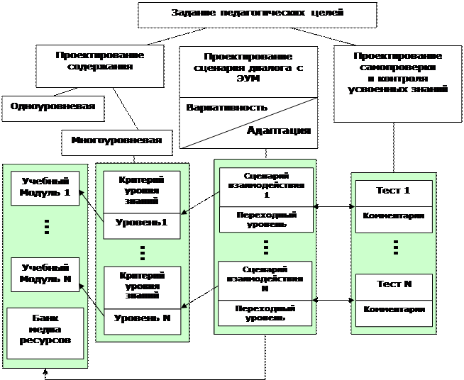 - программированного обучения – жёсткая последовательность предъявления порций знаний и пошагового контроля для индивидуализации усвоения, просто реализуемая на ЭВМ;
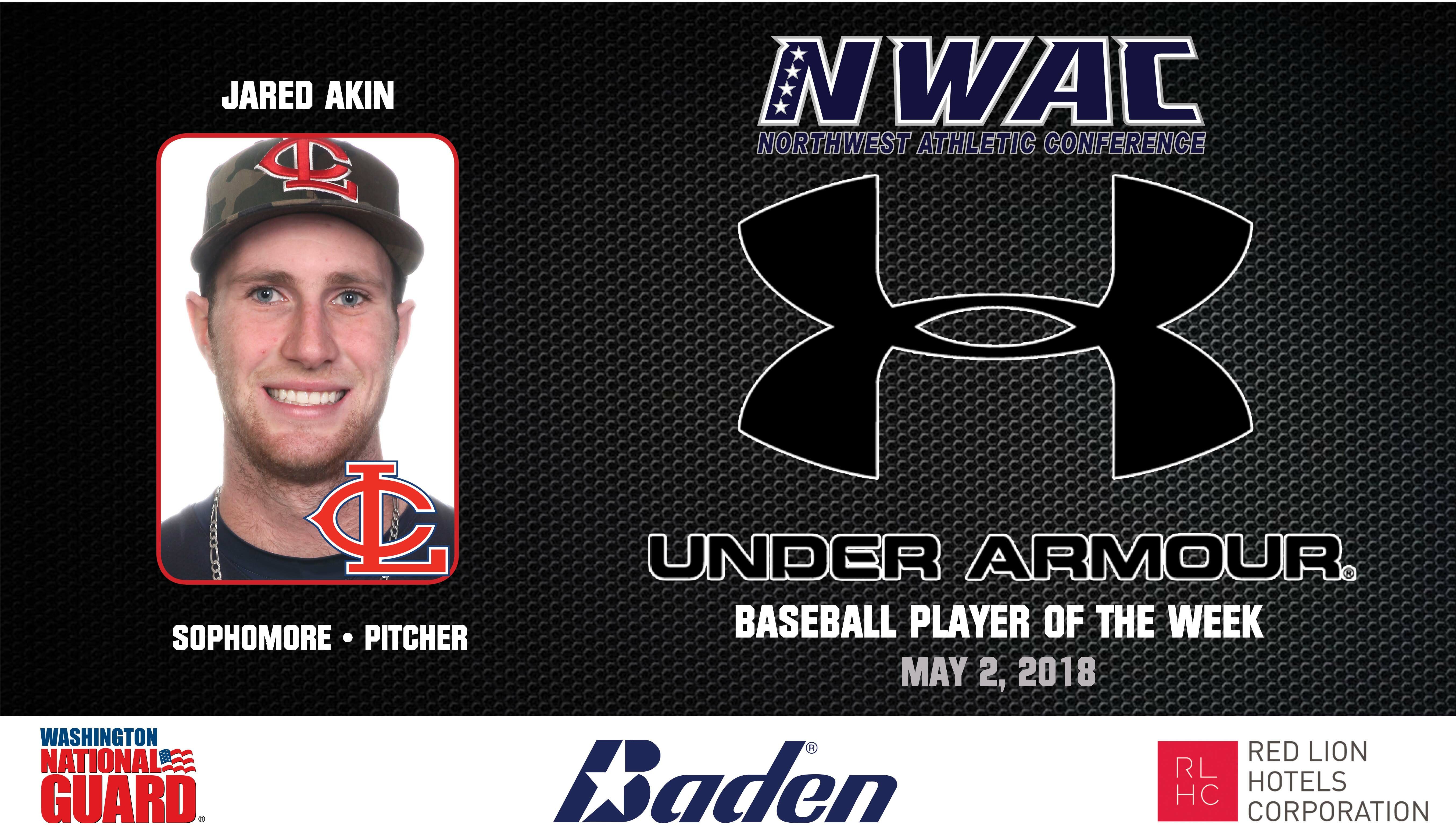 Lower Columbia freshman Jared Akin, Liberty HS / Hillsboro, OR was named the Pitcher of the Week. Akin was pivotal in a pair of wins last week including a 5 inning shut out against 2nd-ranked Edmonds in a 3-0 LCC win. In 9 innings of work, he allowed 4 hits with an ERA of 0.00.
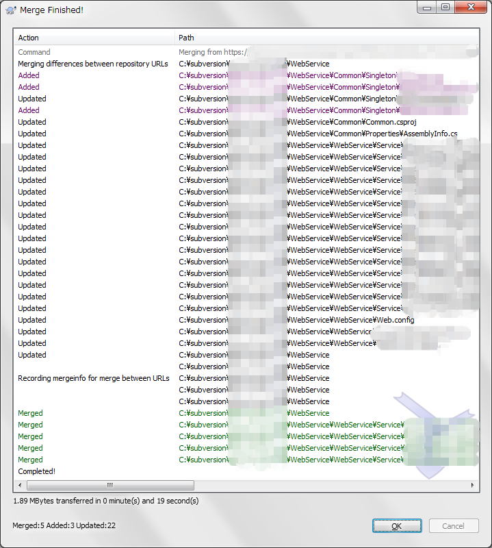 Mergeボタンを押すとMergeが実行されます。 ずらずらとMerge結果が表示されます。
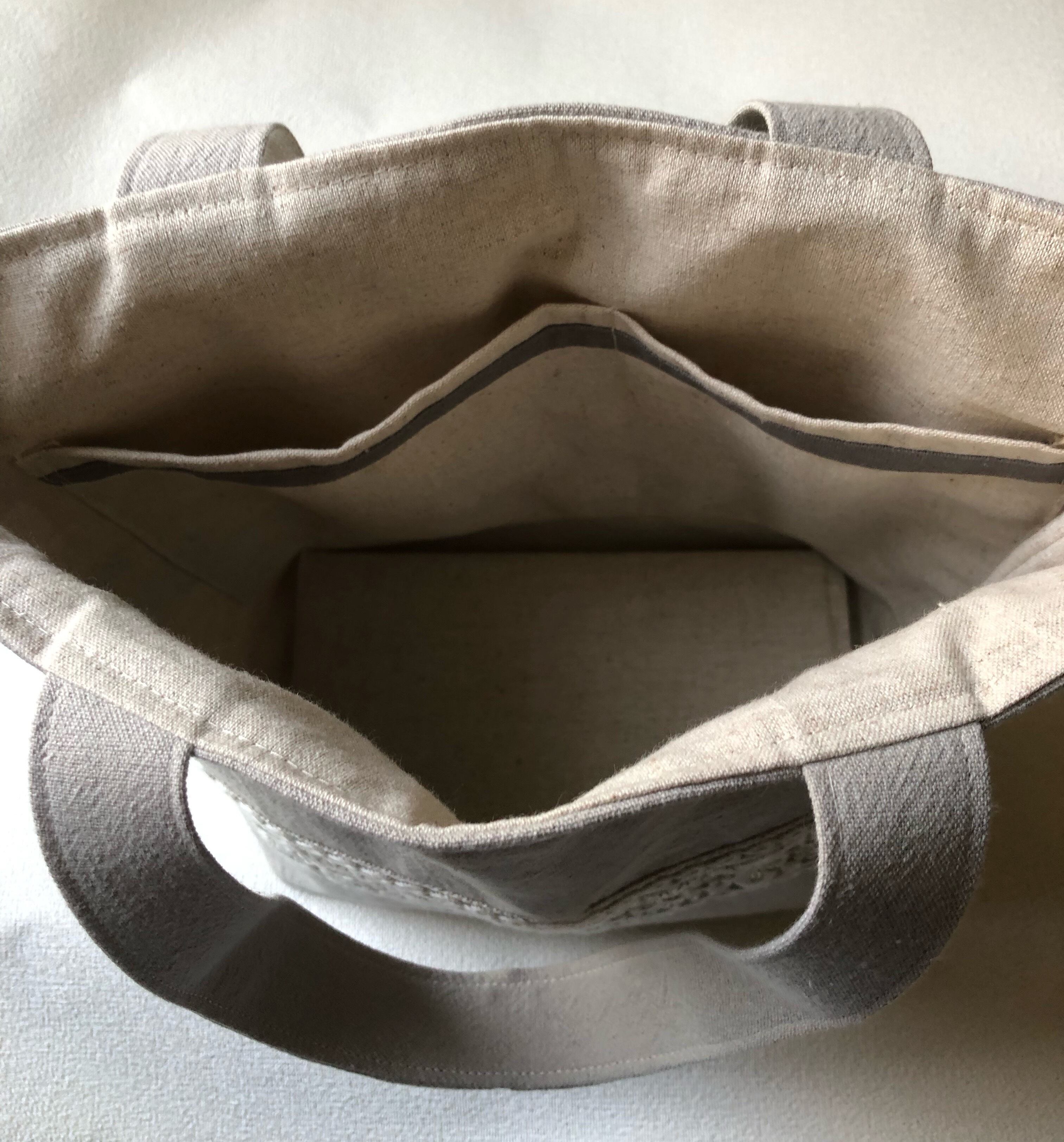 バックの生地は優しいグレージュ色の厚手の綿麻素材。刺繍から地色が透けて統一感もありオシャレなバックです。
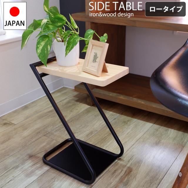 アイアン×ウッド サイドテーブル ロータイプ 【送料無料】 おしゃれ 高さ40cm 低め 北欧 木製 天板 アイアン フレーム モダン ソファー ベッドサイド コンパクト インテリア

◇ ◇ ◇ ◇

WHAT IS REQUIRED: Repeat the listing above exactly, omitting the pictures it contains.

EXPECTED ANSWER:
 - программированного обучения – жёсткая последовательность предъявления порций знаний и пошагового контроля для индивидуализации усвоения, просто реализуемая на ЭВМ;
 Lower Columbia freshman Jared Akin, Liberty HS / Hillsboro, OR was named the Pitcher of the Week. Akin was pivotal in a pair of wins last week including a 5 inning shut out against 2nd-ranked Edmonds in a 3-0 LCC win. In 9 innings of work, he allowed 4 hits with an ERA of 0.00.
 Mergeボタンを押すとMergeが実行されます。 ずらずらとMerge結果が表示されます。
 バックの生地は優しいグレージュ色の厚手の綿麻素材。刺繍から地色が透けて統一感もありオシャレなバックです。
 アイアン×ウッド サイドテーブル ロータイプ 【送料無料】 おしゃれ 高さ40cm 低め 北欧 木製 天板 アイアン フレーム モダン ソファー ベッドサイド コンパクト インテリア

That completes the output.